Does anybody know an average price for dog walking? I'm in Cornwall if that helps, I know people pay more for it in places like London 

I'm currently advertising to do dog walking/pet sitting but not sure what i should charge if i do get an interest? I don't have any previous experience, except for with my own animals!


----------



## lexiedhb (7 July 2011)

Are you insured etc?

I would phone local ones in your area and ask them..... as in "I have a dog Fido that i need walking, how much do you charge"


----------



## Murphs_Mum (7 July 2011)

We are in the cambs/northants border, the lady we use (fully insured) charges £8 per half hour and £10 an hour.  She also does dog visits for our puppy, feed/play/let out for £5.  Hope this helps.


----------



## mollichop (7 July 2011)

If no previous experience, could you help an existing walker for free to gain experience of different breeds and scenarios? Obs don't let on you might be nicking their customers anytime soon! 

And definately have good insurance cover in place first. 

Going rate around here is £10 per hour per dog - £6 for 2 dogs.


----------



## RubysGold (7 July 2011)

We charge £6 for half an hour, £10 for an hour, plus 50% for 2nd dog. 
so £9 for 2 dogs half hour. £15 for two dogs an hour. 

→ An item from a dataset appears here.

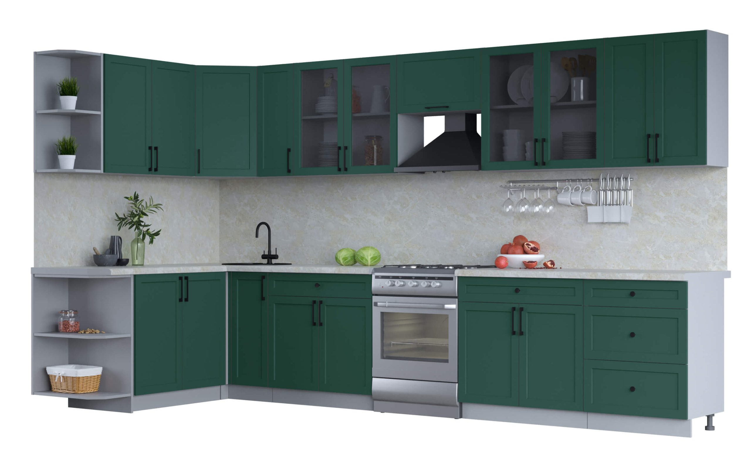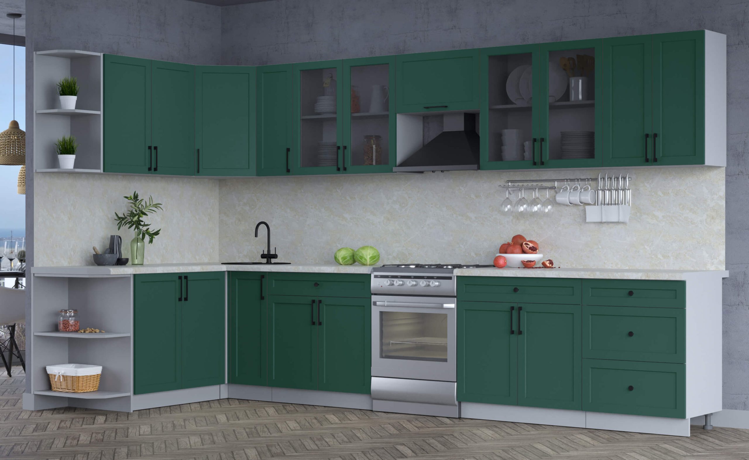 ГОТОВАЯ КУХНЯ ТРЕНД SOFT-TOUCH 1,7Х3,7 (ИЗУМРУД/ ИЗУМРУД) - Yuta.by

You definitely need insurance. 

And if you dont have much experience of other dogs, I wouldnt just go straight into it. Its not as easy as you'd expect. Ive had some very disobedient young dogs over the last few years to walk.


----------



## CAYLA (7 July 2011)

Reading the above its prob the same ish everywhere, OH charges £9 per hour for dogs a little further out, over 10 min drive and £8 per hour for dogs on door step, and he charges half for a second dog. so the 2 sets of 2 her walks, 2 weimeraners and 2 akitas pay £13.50 a day )is that right)
Sometimes its best to charge according to the amount of days walked, so when u get someone that wants 2 days a weeks they pay a little bit of a premium as u could fit another full timer in this slot, and u are only insured to walk so many at a time (make sense) I recommend cliverton insurance.


----------



## lexiedhb (7 July 2011)

Ok Cayla- so I'm over 10 mins drive away but willing to pay your £9 per hour! Ask Oh if every week day suits!!!!


----------



## brightmount (7 July 2011)

Do you dog walking people have a contract that you get your clients to sign in order to walk a dog off the lead?

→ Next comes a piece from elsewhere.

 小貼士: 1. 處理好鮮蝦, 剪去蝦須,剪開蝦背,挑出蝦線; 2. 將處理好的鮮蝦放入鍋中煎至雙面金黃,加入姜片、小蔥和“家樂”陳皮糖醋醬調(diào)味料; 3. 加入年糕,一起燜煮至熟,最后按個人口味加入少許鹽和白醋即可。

I'm interested in this line of work, but not so keen on the prospect of badly behaved dogs disappearing into the woods or over the horizon never to be seen again because their owners want them walked off the lead.

What about breeds that have a reputation for turning on other dogs or children? Would you accept an owner's assurance that Gnasher wouldn't hurt a fly, or would you insist on a muzzle?

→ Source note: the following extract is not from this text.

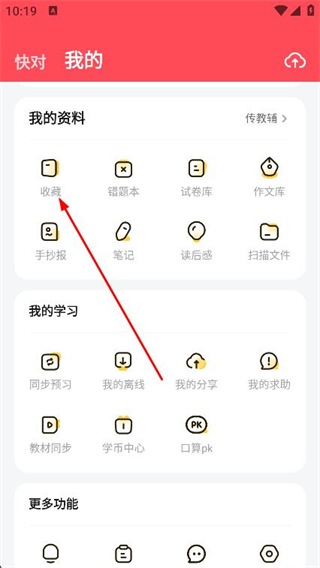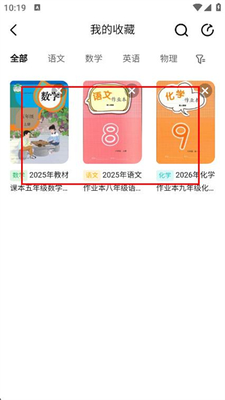 3、进入我的收藏页面后,即可查看已收藏的教材、作业本等内容。

In an ideal world, my clients would all have ploddy, docile, impeccably behaved doggies that would be glued to my heels, but I know it wouldn't be like that. So what are your ground rules?


----------



## lexiedhb (7 July 2011)

BM- personally if a dog walker insisted on a muzzle because of breed prejudice I would be finding another dog walker......


----------



## RubysGold (7 July 2011)

Ditto Lexie

I dont think we have a contract as such but they have to fill in and sign a few forms (one of which asks if the dog can go offlead, so I think thats the same. 
We take the dogs on, and dont let them offlead until the dog knows us well enough and we have a good recall (we do some basic training like you would a new pet) so we are confident we will get them back. (Although last week, for the first time ever I did lose a dog for a good 15 minutes, I was seriously panicking!!! but he'd gone back to the car)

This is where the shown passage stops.